According to Epsilon, we’re fully embedded in a society that responds well to personalised experiences. Businesses respective attempts to offer personalisation can take plenty of forms, but it appears that the most popular forms of personalisation today are based on things like location-based coupons, communications via the customer’s preferred channel, and recommendations themed around previous purchases. 
Entrepreneur reports that companies like Dunkin’ Donuts in the US have already begun to reap the rewards of effective personalisation techniques. The brand managed to achieve a 3.6% redemption rate for a smartphone-based coupon campaign that was angled towards the customers of a competitor in Rhode Island. Even better was that even more people took secondary actions in doing things like mentioning the campaign on social media. 
AI is all-encompassing and certainly spills into the realm of personalised services. Here, personal chatbots can offer users an enjoyable experience without the need for communicating on the telephone or face-to-face. 

Subscription-based solutions

As technology continues to develop, the accessibility of subscription-based services continues to grow. Many moons ago, if you wanted to watch a movie on Netflix, it would involve receiving a DVD in the mail. Today, subscribers are treated to thousands of hours worth of content in a matter of clicks - and what’s more is that movies and TV shows can be viewed on a range of devices. 
These factors make subscription-based solutions much more appealing to consumers, and it could be worth exploring whether your business can provide an easy to join subscription service for prospective customers. 
Regardless of your industry, there’s likely a niche market for your business to enter as a subscription-based service. In fact, businesses running subscriptions grew 5.5 times quicker than their S&P counterparts - an impressive figure that’s aided by the fact that subscribers place three-times more orders than with companies that don’t run subscription services. 

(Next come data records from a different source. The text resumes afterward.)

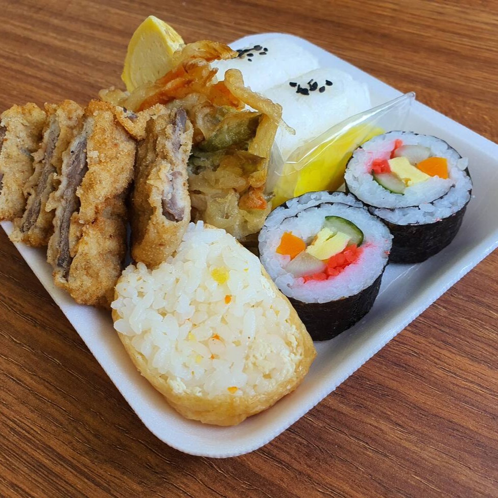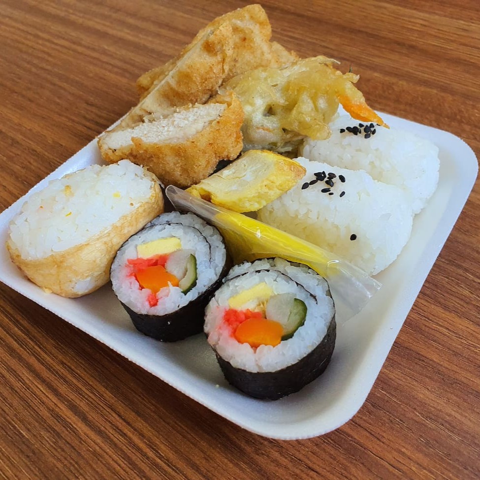 Refeição completa japonesa. Inclui 2 oniguiris, 1 inarizushi, 1 tempurá de legumes, 2 sushis tradicionais, 2 fatias de tsukemono (nabo em conserva), 1 fatia de omelete e 2 fatias de empanados de frango.
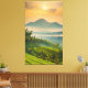 Coucher de soleil sur le paysage tropical indonésien avec montagnes et rizières.
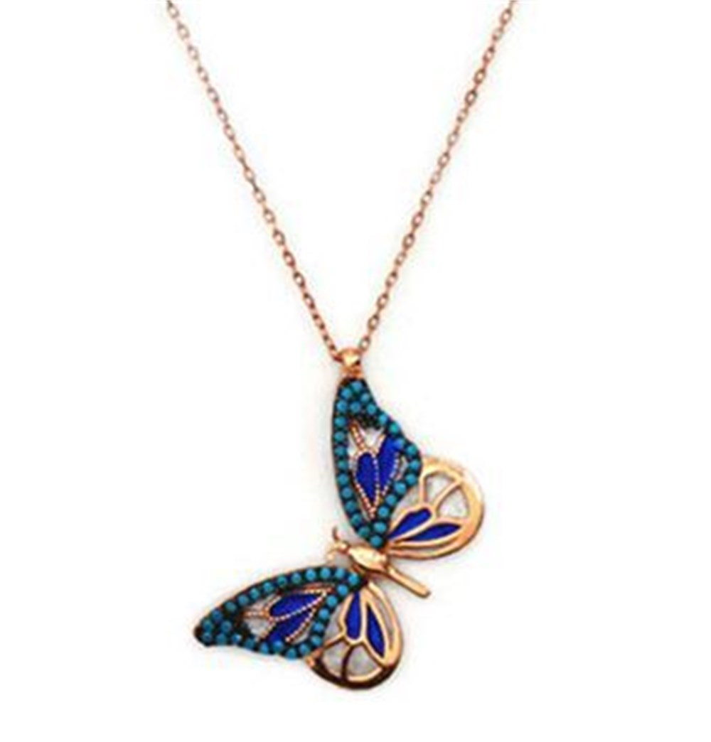 1.Sınıf İşçilik Turkuaz Taşlı Zarif Kelebek Kolye. En
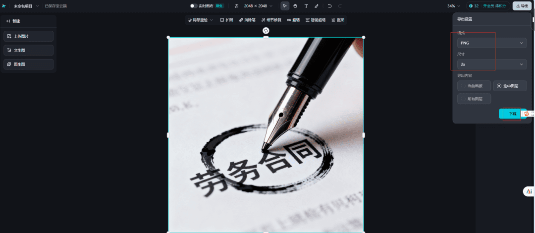 4.点击去画布编辑,能导出没有水印的图片。
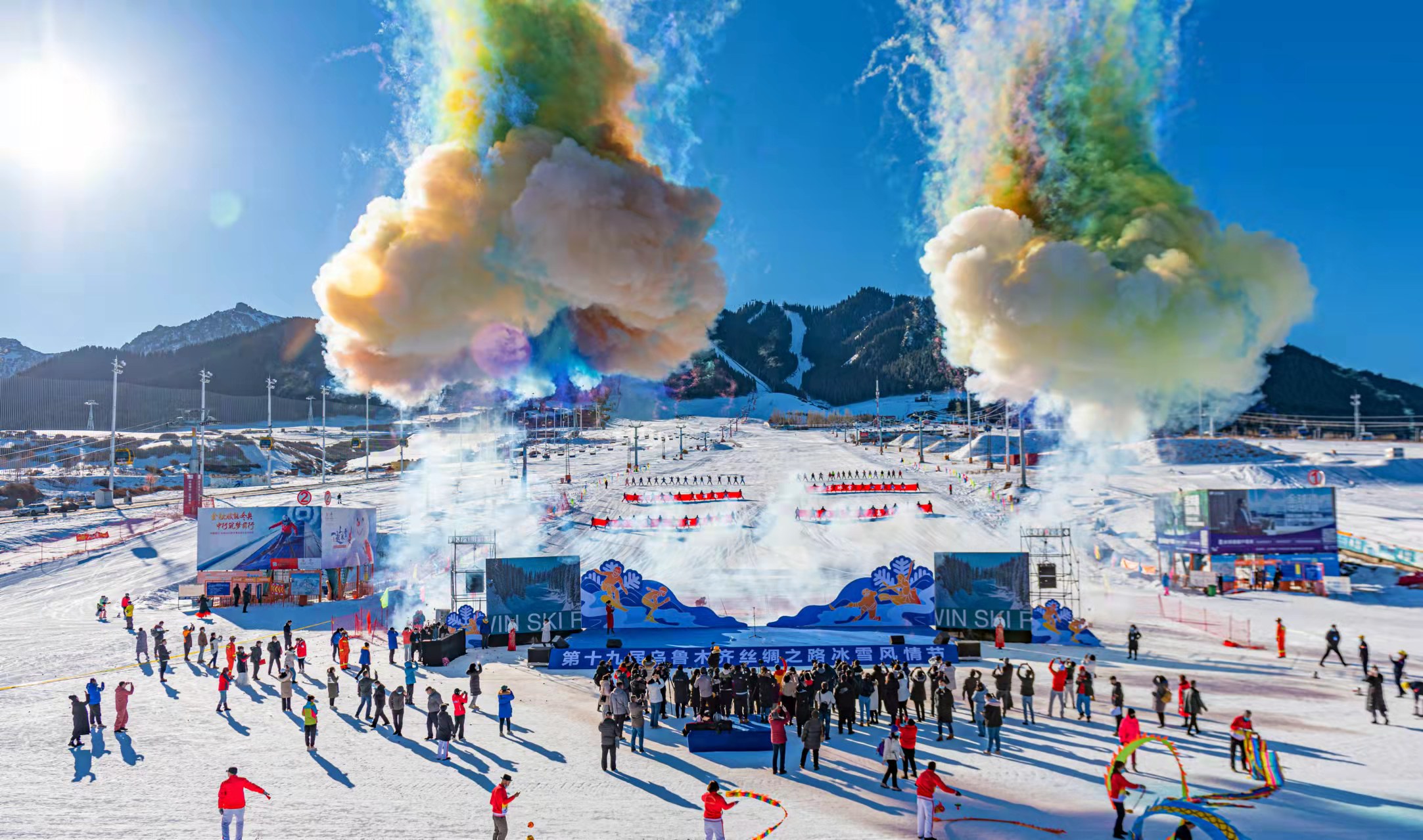 當日,「相約冬奧·冰雪疆來」第十九屆烏魯木齊絲綢之路冰雪風情節開幕式和「驕陽看雪 烏魯木齊」詩音畫烏魯木齊文旅活動在絲綢之路國際度假區正式奏響。
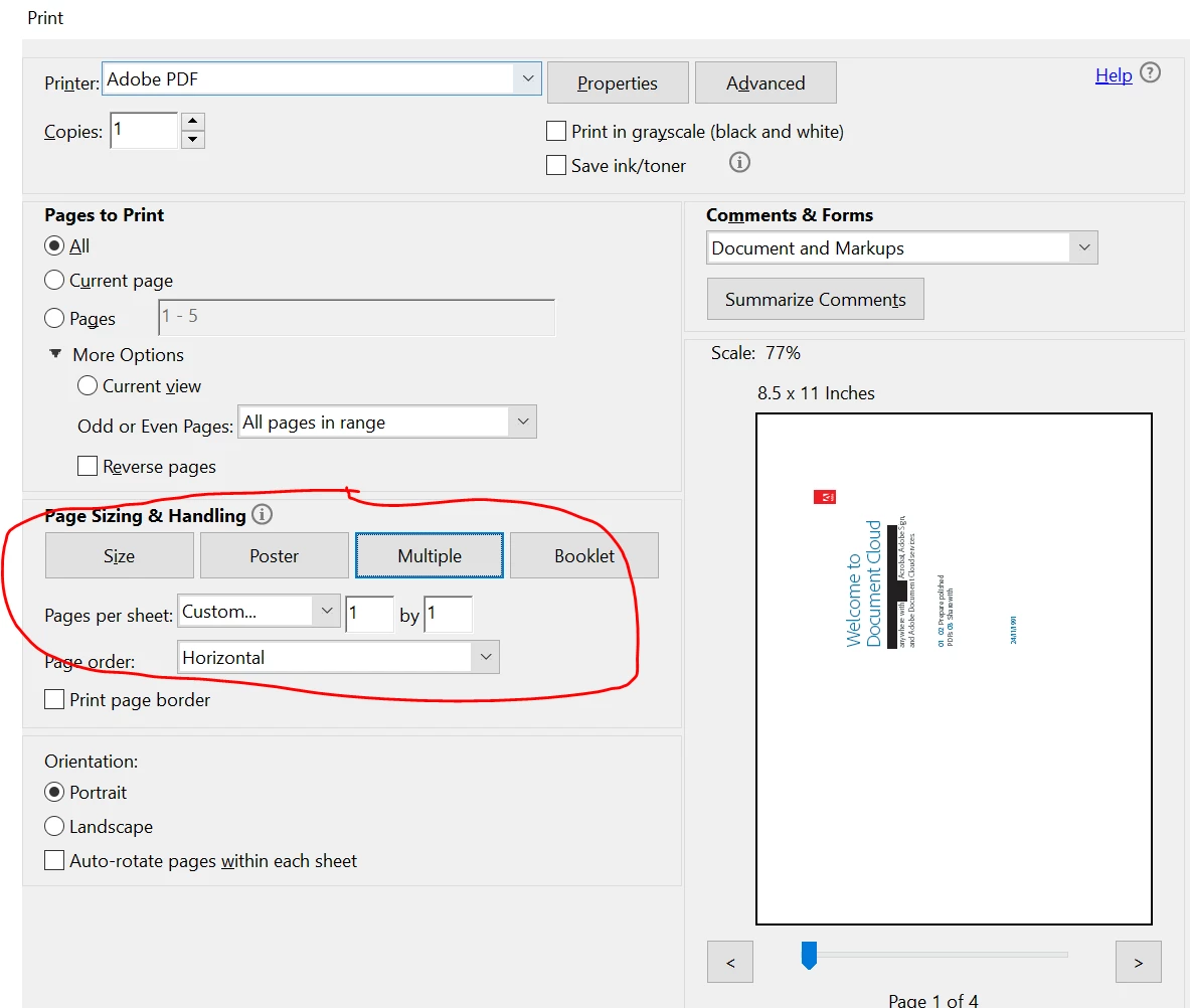 - Open file>Print> select Adobe PDF as printer> change the Page size and handling to Multiple with 1by1>Print and Save the file with the new name.
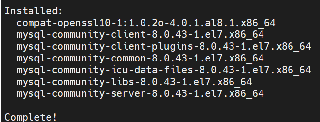 执行这个命令时,yum 会自动从我们刚刚配置好的 MySQL 8.0 源里去查找并安装最新的稳定版。
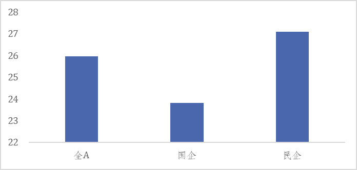 国企价值现实与创造不匹配,国企上市公司面临估值偏低,价值实现与价值创造不匹配的问题。中证国企指数PE长期低于中证民企指数。从A股上市公司情况来看,市场对其估值定价偏低。当前,A股上市公司PE TTM中位数为26倍,国有企业PE TTM中位数为23.8倍,显著低于民营企业27倍的PE水平。
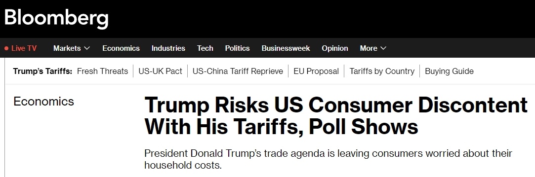 彭博社近日民調(diào)顯示,56%的受訪美國人認(rèn)為,特朗普對其他國家征收的關(guān)稅對他們的家庭財務(wù)狀況產(chǎn)生了不良影響。即使特朗普政府一直在鼓吹加關(guān)稅能讓產(chǎn)業(yè)回流美國并增加財政收入,約52%的受訪者還是表示,美政府承諾的好處不值得他們?yōu)榇烁冻龅慕?jīng)濟(jì)代價。
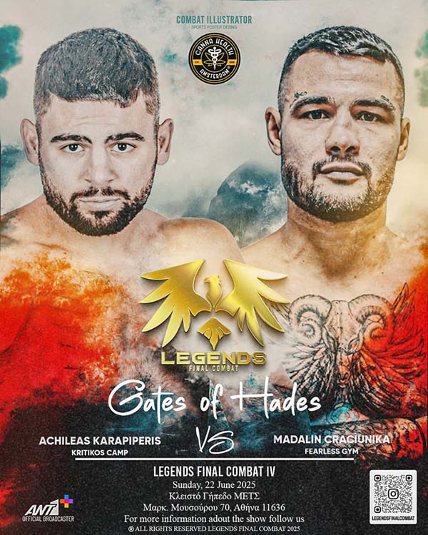 Ο Αχιλλέας Καραπιπέρης μετά την κατάκτηση του παγκοσμίου τίτλου της WAKO PRO στο Ηράκλειο Κρήτης, επιστρέφει στη δράση στο ρινγκ του ‘Legends Final Combat IV – Gates of Hades’ στις 22 Ιουνίου.
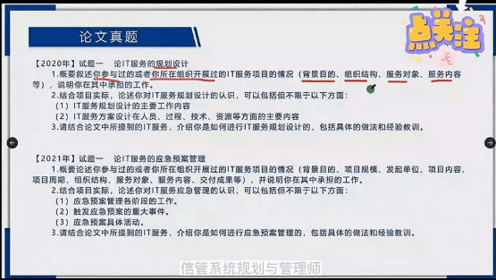那第三点呢就其实就是对第二点的一个补充。那比如说规划设计,其实咱们要写的就是?按照那个图来说,服务需求识别,服务方案设计,然后服务级别协议设计?咱们要写的就是这些内容啊。规划设计呢总共考了六次,考了六次,规划设计考了三次啊,规划设计考了三次,去年也考的是规划设计的一个过程要素设计啊。这个咱们后面再有时间的话,咱们后面再聊一下。
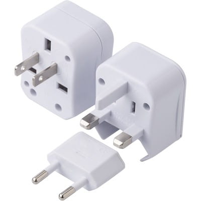 Adapter reklamowy podróżny, ABS, 63 x 61 x 46 mm, wtyczki z całego świata, ciekawy gadżet reklamowy, znakowanie - nadruk

Looking to the gig economy

(The number of jobs currently held by gig economy workers in the U.S. in 2018. Image: Statista)
The next decade will undoubtedly see the gig economy continue to grow at a rapid rate. We have advancing technology to thank for this trend, and how it’s played a pivotal role in bringing instant collaboration and sharable documents to users on the go. 
While it can definitely help to have employees positioned in-office, the beauty of the gig economy is that there’s a wide pool of skilled individuals positioned all over the world who are in a position to perform tasks, complete work or provide advice at a generous rate thanks to the convenience of never having to leave the house. 
It’s inevitable that more entrepreneurs will look to the gig economy as time passes and they attempt to scale effectively. Be sure to take a moment to consider if your next specialist task would be best completed by a skilled remote worker - ultimately, embracing this form of recruitment could save you time and money.